On 20.01.25 16:29, Zi Yan wrote:
On Mon Jan 20, 2025 at 3:14 AM EST, David Hildenbrand wrote:
On 20.01.25 01:39, Zi Yan wrote:
On Sun Jan 19, 2025 at 6:55 PM EST, Barry Song wrote:
<snip>
However, with this workaround, we can't use transparent huge pages.
Is the CMA_MIN_ALIGNMENT_BYTES requirement alignment only to support huge pages?
No. CMA_MIN_ALIGNMENT_BYTES is limited by CMA_MIN_ALIGNMENT_PAGES, which
is equal to pageblock size. Enabling THP just bumps the pageblock size.
Currently, THP might be mTHP, which can have a significantly smaller
size than 32MB. For
example, on arm64 systems with a 16KiB page size, a 2MB CONT-PTE mTHP
is possible.
Additionally, mTHP relies on the CONFIG_TRANSPARENT_HUGEPAGE configuration.

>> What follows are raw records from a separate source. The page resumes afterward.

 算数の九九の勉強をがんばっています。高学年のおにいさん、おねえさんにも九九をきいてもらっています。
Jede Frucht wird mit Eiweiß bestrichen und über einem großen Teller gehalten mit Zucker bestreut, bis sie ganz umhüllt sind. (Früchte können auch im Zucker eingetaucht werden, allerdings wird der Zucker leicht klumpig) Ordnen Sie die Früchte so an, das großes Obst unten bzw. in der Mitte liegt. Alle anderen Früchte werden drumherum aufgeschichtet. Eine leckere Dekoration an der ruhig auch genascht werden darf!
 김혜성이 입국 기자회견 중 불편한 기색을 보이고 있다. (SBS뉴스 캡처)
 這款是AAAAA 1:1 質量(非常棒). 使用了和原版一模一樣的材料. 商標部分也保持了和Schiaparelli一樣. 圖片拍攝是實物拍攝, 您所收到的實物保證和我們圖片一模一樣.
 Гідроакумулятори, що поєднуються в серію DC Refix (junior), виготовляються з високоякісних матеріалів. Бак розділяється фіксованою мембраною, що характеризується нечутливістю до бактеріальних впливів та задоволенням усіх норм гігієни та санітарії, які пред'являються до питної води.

I wonder if it's possible to enable CONFIG_TRANSPARENT_HUGEPAGE
without necessarily
using 32MiB THP. If we use other sizes, such as 64KiB, perhaps a large
pageblock size wouldn't
be necessary?
I think this should work by reducing MAX_PAGE_ORDER like Juan did for
the experiment. But MAX_PAGE_ORDER is a macro right now, Kconfig needs
to be changed and kernel needs to be recompiled. Not sure if it is OK
for Juan's use case.
IIRC, we set pageblock size == THP size because this is the granularity
we want to optimize defragmentation for. ("try keep pageblock
granularity of the same memory type: movable vs. unmovable")

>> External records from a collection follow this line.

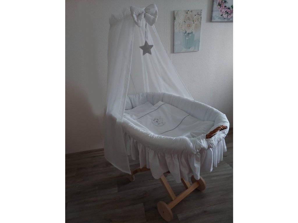 Proutěný koš na miminko s nebesy - Monnykids Hvězdičky bílo šedá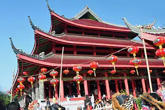 - 🌍 Sam Poo Kong Temple (Kelenteng Sam Poo Kong, Gedung Batu), Jl Simongan No. 129, ☏ +62 24 760-5277. The beautiful Sam Poo Kong temple (Gedung Batu) was built to honour the Muslim Chinese admiral Cheng Ho of the Ming Dynasty, who visited Semarang in the early 15th century. It was extensively renovated in 2006 to celebrate the 600th anniversary of Cheng Ho's visit. In the entry area, there are a couple of stores that sell Chinese art and objects, including giant candles and, of course, there's a place to eat. This complex is one of the major temples for certain Chinese religions, notably Kong Hu Chu (Confucianism), and is replete with a long stone mural depicting major events of Cheng Ho's time here, as well as several different temples, each with its own specific style and architecture. You can burn an envelope in a special prayer oven, or ask a soothsayer to read fortune-telling sticks for you. The temple area is open to visitors if you pay an additional fee, otherwise, you can see much of it from behind a chain - but the mural is behind the temples - but only those seeking to pray may actually enter the temples.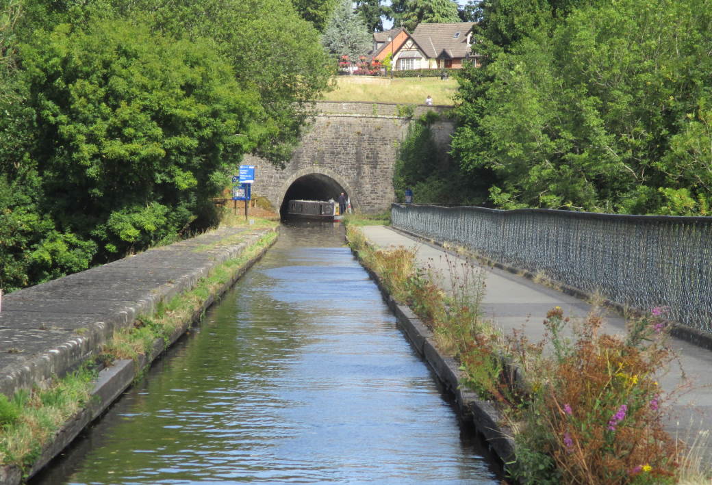 We've been for a week on the Llangollen Canal on the good ship "The Piggy Wig". The weather was generally fine. VERY slow progress against the current through the narrow sections (thought we must have something round the prop going over Chirk aqueduct, but not so). Had a strange experience coming through Whitehouse Tunnel when it seemed someone was shining a powerful searchlight in at the other end, blinding boaters coming out – but turned out it was the sun reflecting off the windscreen of a small boat moored upstream. It was windy going over Pontcysyllte aqueduct, and again very slow, which was rather scary. The final few miles into Llangollen itself was single-file and also slow going – we hoped we wouldn't meet anyone coming the other way – luckily we didn't.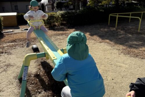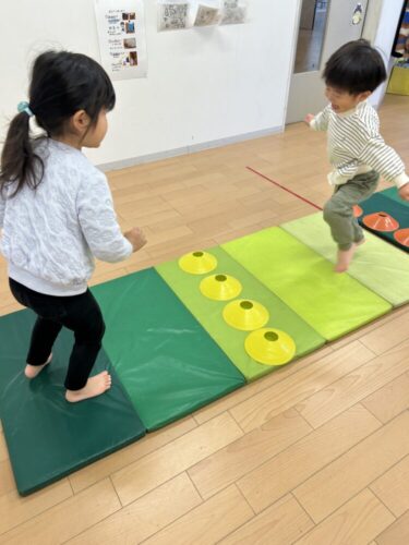「次はこっちで遊ぼー‼️」とお友だちを誘ってシーソーへ💨「わたし上行っちゃった❗️」「僕上行っちゃった‼️」と交互にお話ししながら遊ぶ姿がとても可愛かったです🥰

Right. In past, it is optimized for PMD THP. Now we have mTHP. If user
does not care about PMD THP (32MB in ARM64 16KB base page case) and mTHP
(2MB mTHP here) is good enough, reducing pageblock size works.
However, the buddy already supports having different pagetypes for large
allocations.
Right. To be clear, only MIGRATE_UNMOVABLE, MIGRATE_RECLAIMABLE, and
MIGRATE_MOVABLE can be merged.
Yes! An a THP cannot span partial MIGRATE_CMA, which would be fine.

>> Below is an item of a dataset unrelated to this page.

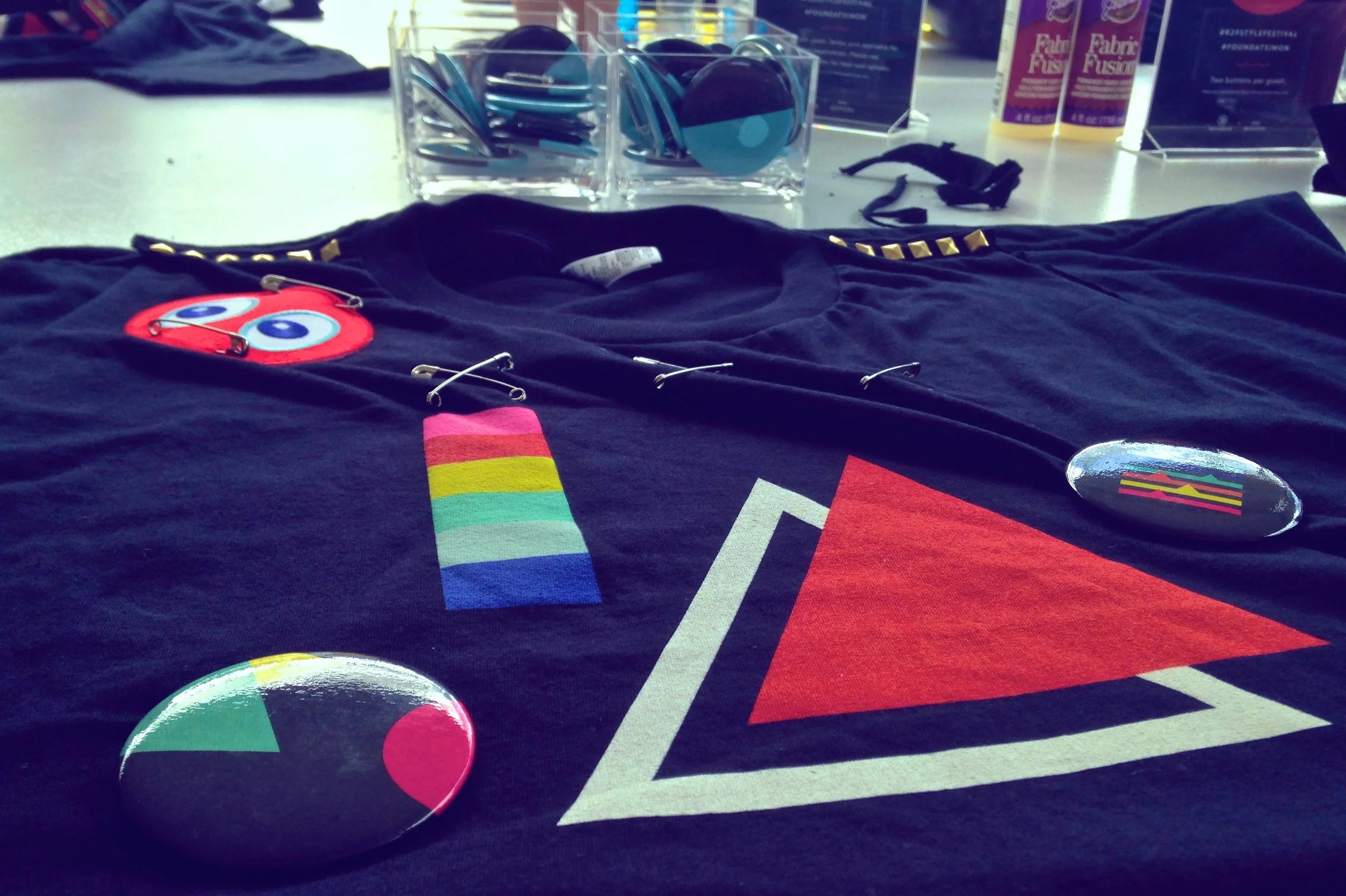 I’m a big fan of DIY projects, so the t-shirt station beckoned me to sit down and chill out with studs, safety pins, patches, buttons and scissors. I grabbed a tee and noticed the American Apparel label. (And I giddily snipped away, gasped and thought, “Yeah, I just cut up an AA shirt.”) The jersey knit tee is perfect for DIY customizations like this fabulous opportunity.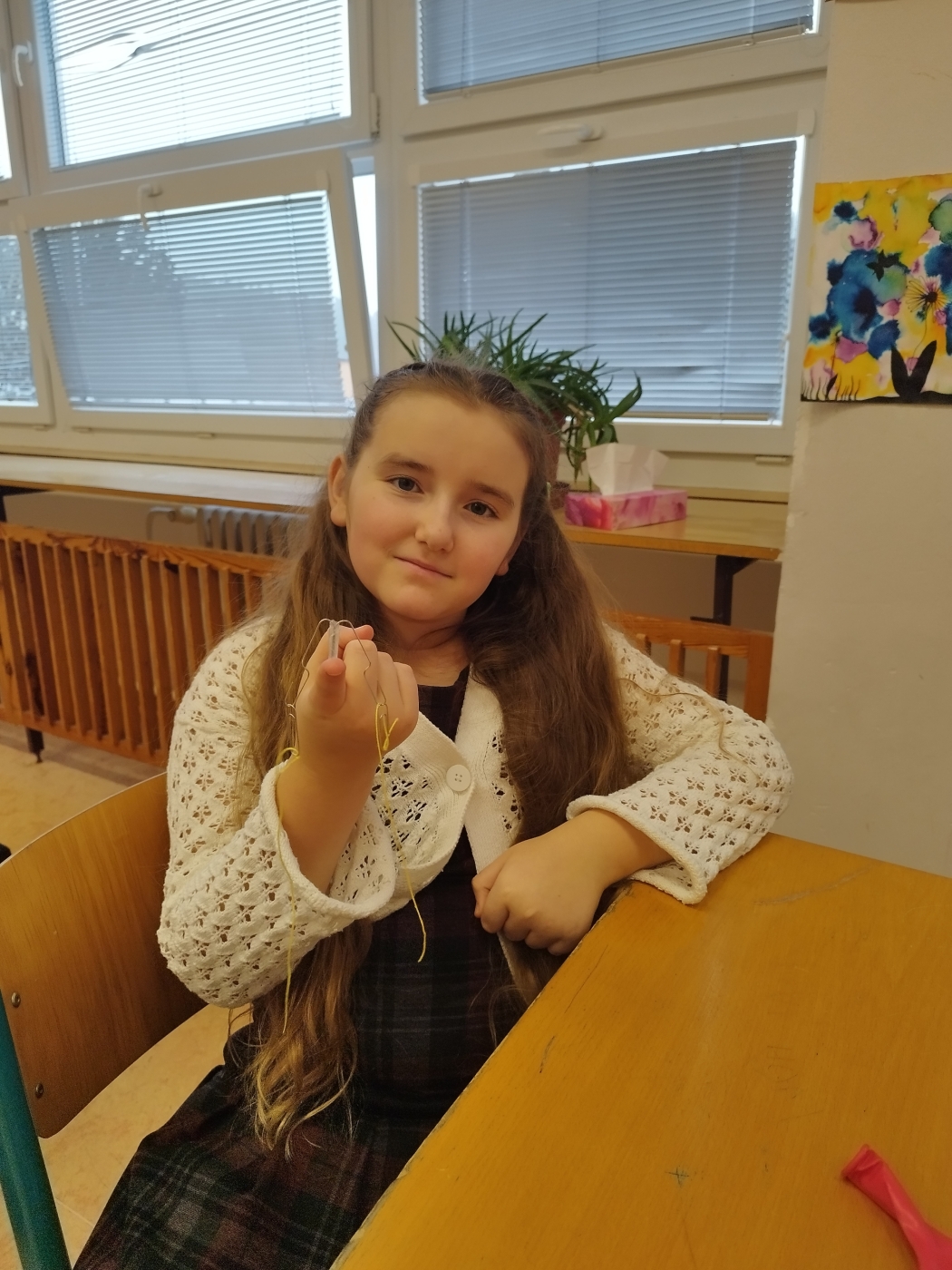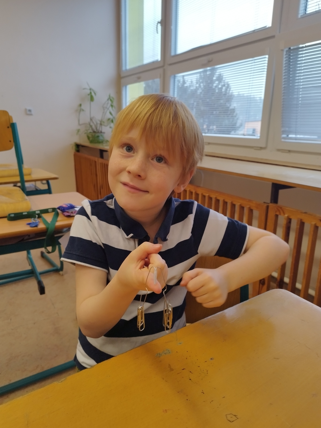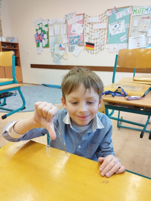 Na závěr nás čekal zdánlivě jednoduchý, ale velmi zajímavý pokus. Z kancelářských sponek jsme si vyrobili váhu a pomocí balónků jsme se pokusili zvážit vzduch. Děti tak zjistily, že i když vzduch nevidíme, má svou hmotnost.

So we could leave MAX_ORDER alone and try adjusting the pageblock size
in these setups. pageblock size is already variable on some
architectures IIRC.
Making pageblock size a boot time variable? We might want to warn
sysadmin/user that >pageblock_order THP/mTHP creation will suffer.
Yes, some way to configure it.
We'd only have to check if all of the THP logic can deal with pageblock
size < THP size.
Probably yes, pageblock should be independent of THP logic, although
compaction (used to create THPs) logic is based on pageblock.
Right. As raised in the past, we need a higher level mechanism that
tries to group pageblocks together during comapction/conversion to limit
fragmentation on a higher level.
I assume that many use cases would be fine with not using 32MB/512MB
THPs at all for now -- and instead using 2 MB ones. Of course, for very
large installations it might be different.
This issue is even more severe on arm64 with 64k (pageblock = 512MiB).
This is also good for virtio-mem, since the offline memory block size
can also be reduced. I remember you complained about it before.
Yes, yes, yes! :)
--
Cheers,
David / dhildenb